**Exercise details:** The answer must be an exact reprint of the lines from the one with "For example, a" through the final line of the data, with no pictures included.

**Data:**
#####

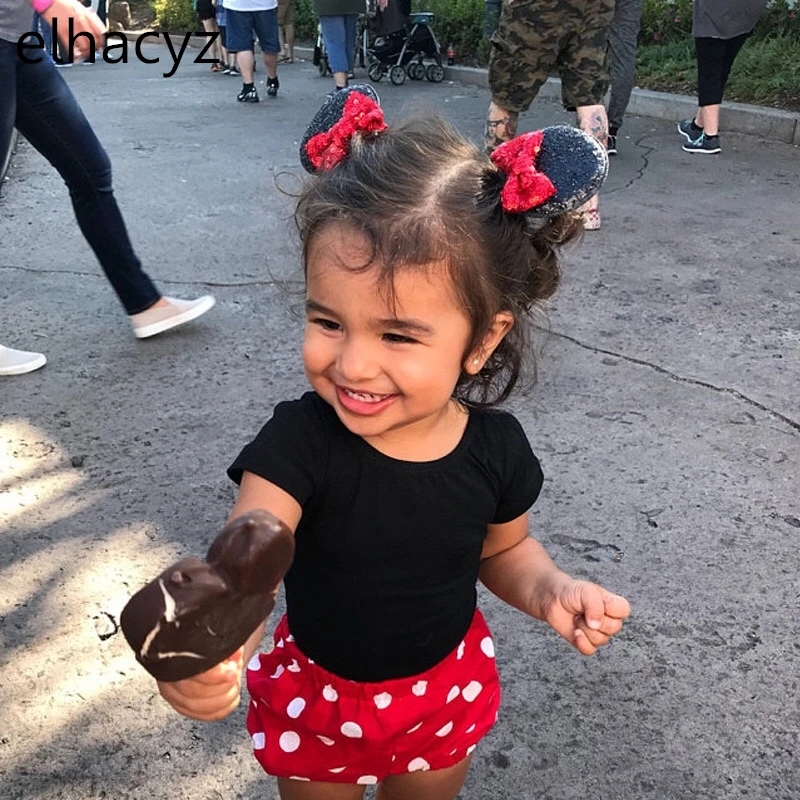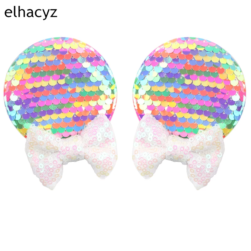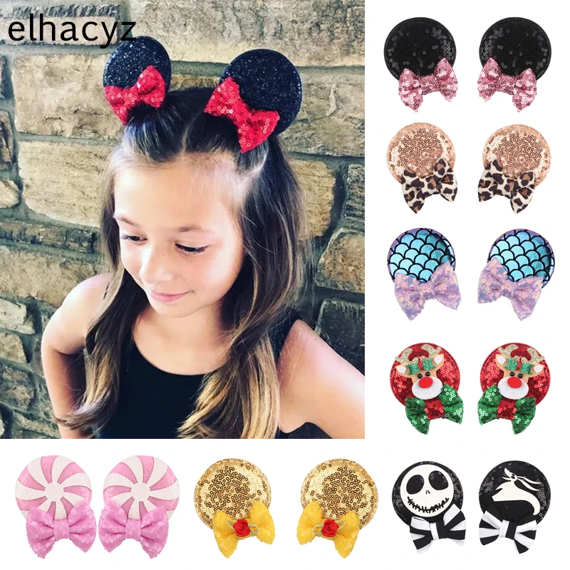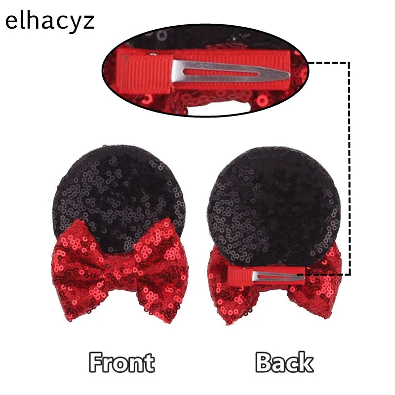 1 пара милые блестящие зажимы для волос с ушками мультяшной Мыши бантом для девочек детские шикарные заколки для волос модные головные уборы аксессуары для волос сделай сам
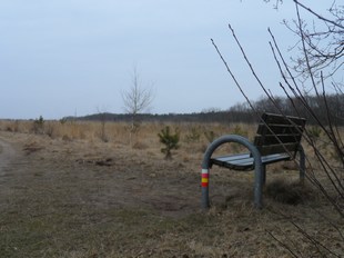 bankje aan de rand van het veld bij het bos, is het hoogste punt in het
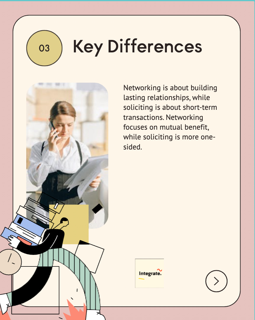 For example, a tech startup founder might attend an accelerator program and casually chat with another attendee about their day-to-day challenges. They exchange advice on improving user acquisition strategies. No services are pitched, no deals are made, but over time, this connection becomes a partnership or referral source. This is networking at its best—relationship-first, value-driven, and long-term focused.
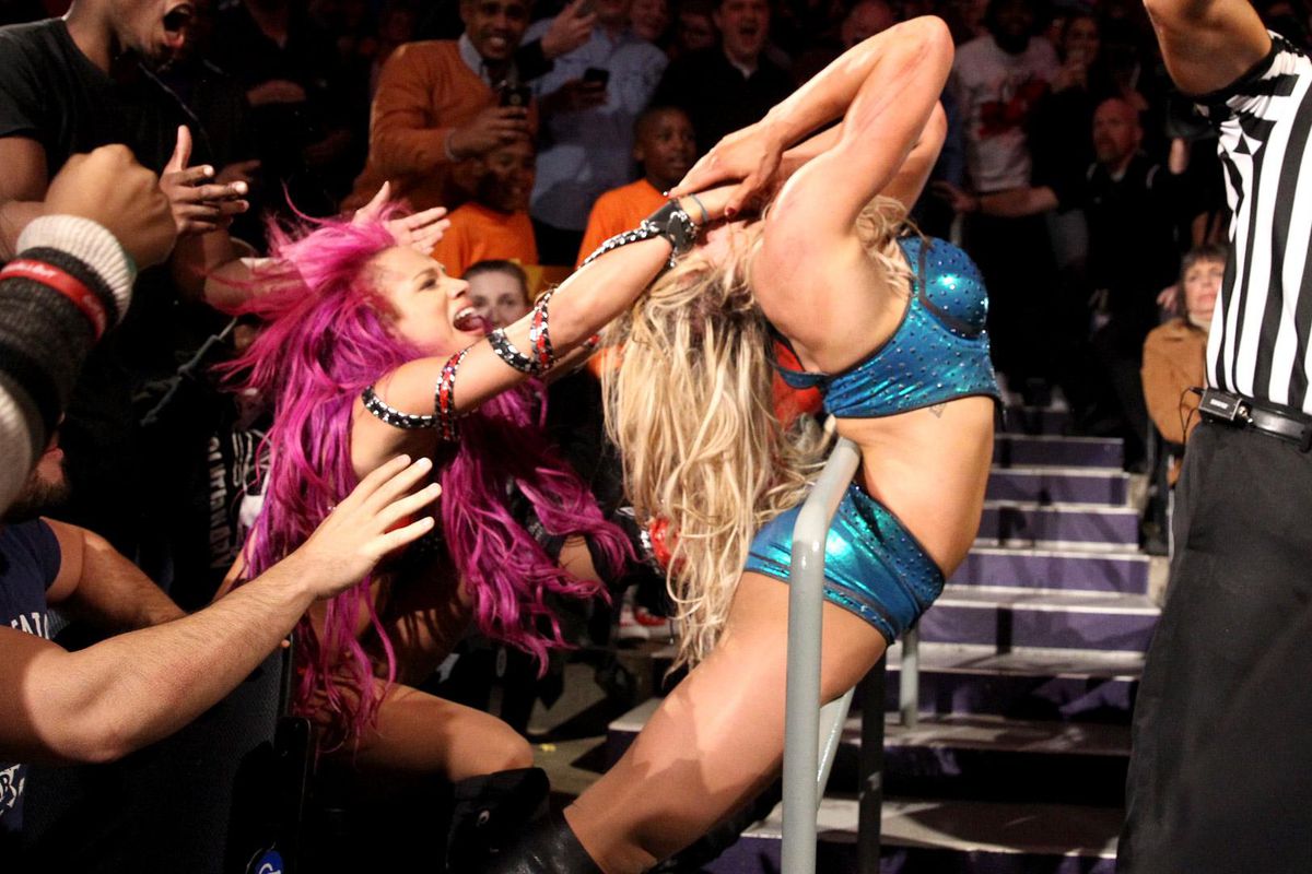 “I’m gonna spill some tea here because [AJ Lee] said she was sick. Her stomach was hurting, but then she told me to do my move where I drop the leg on her stomach. So, I was like, ‘Girl, I’m confused.'”

#####

**Exercise response:**
 For example, a tech startup founder might attend an accelerator program and casually chat with another attendee about their day-to-day challenges. They exchange advice on improving user acquisition strategies. No services are pitched, no deals are made, but over time, this connection becomes a partnership or referral source. This is networking at its best—relationship-first, value-driven, and long-term focused.
 “I’m gonna spill some tea here because [AJ Lee] said she was sick. Her stomach was hurting, but then she told me to do my move where I drop the leg on her stomach. So, I was like, ‘Girl, I’m confused.'”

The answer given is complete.